Bring-your-own-applications is happening and as such, employees, by the very nature of what they are using, will have scattered communications. Scattered communications, ineffective meetings and fragmented workflows are causing productivity to drop as staff switch between multiple applications, tasks and devices.

It is becoming increasingly important to bring these different applications back into a central place. Being able to have every single application that a business would ordinarily have outside its corporate network, now being pushed into one central application through unified communications (UC) is crucial for effective collaboration. In addition, being able to offer these applications within the corporate network will enable a company to attract and retain millennial talent.

Text rather than talk

Millennials favour texting to phone calls, both as an employee and as a customer. With UC, presence status enables staff to know exactly what someone’s current online status is and having instant messaging (IM) means staff don’t have to escalate to a voice call as quickly as they would have in the past, which is ideal for Generation Y employees.

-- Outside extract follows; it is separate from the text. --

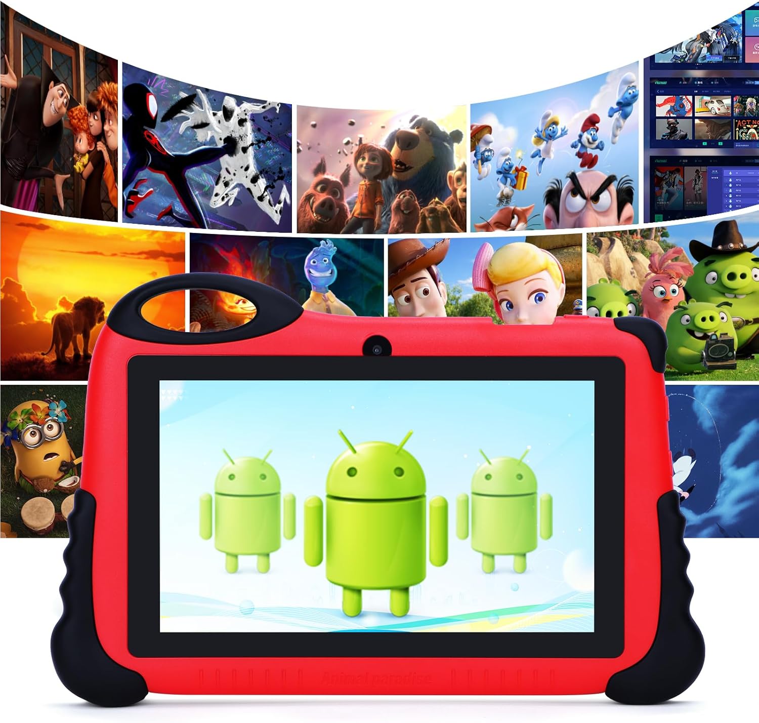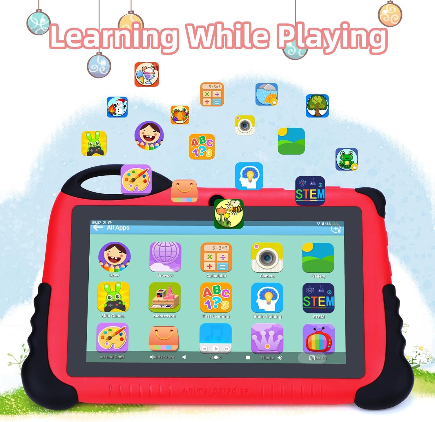 2024 Tablet For Kids, 7 Inches Android 13 Toddler Tablets Over 3 Years Old, HD 1024*600 Screen Display, 4GB RAM 32GB ROM, 512GB TF Card Expandable, Parent Contral, Learning Tablet For Boys Girls Red

It is not only internally that companies have to review their communication and collaboration tools. Businesses are having much less face-to-face communication with customers as most communication is now being conducted online.

Business owners can make a small change, such as adding an instant chat functionality to their website, to put customers, especially millennial customers in touch with a consultant without them having to make a phone call.

A value proposition

Businesses are often hesitant to embrace new technology due to the potential disruption it can cause through the need for training and buy-in from staff. To overcome this enterprises are encouraged to isolate a section of their business and trial a proof of concept to experience the value and possibilities unified communications can bring to that specific department or business unit. Once the value is derived the obstacles in deploying new technology often fade into insignificance in comparison to the value attainable from the new technology.

The reality is that communication is changing and the momentum of change is only going to increase. Business owners need to recognise these changes as an opportunity to reinvent their business with a focus on their employees as well as their customers.

Companies today can’t operate in a world that isn’t instant. If they are not instant they will be slow to respond to customers and slow to work effectively internally.

The goal of any business is for customers to be able to access it and through unified communications, customers, no matter which generation they’re from, can access a business in the way they want to.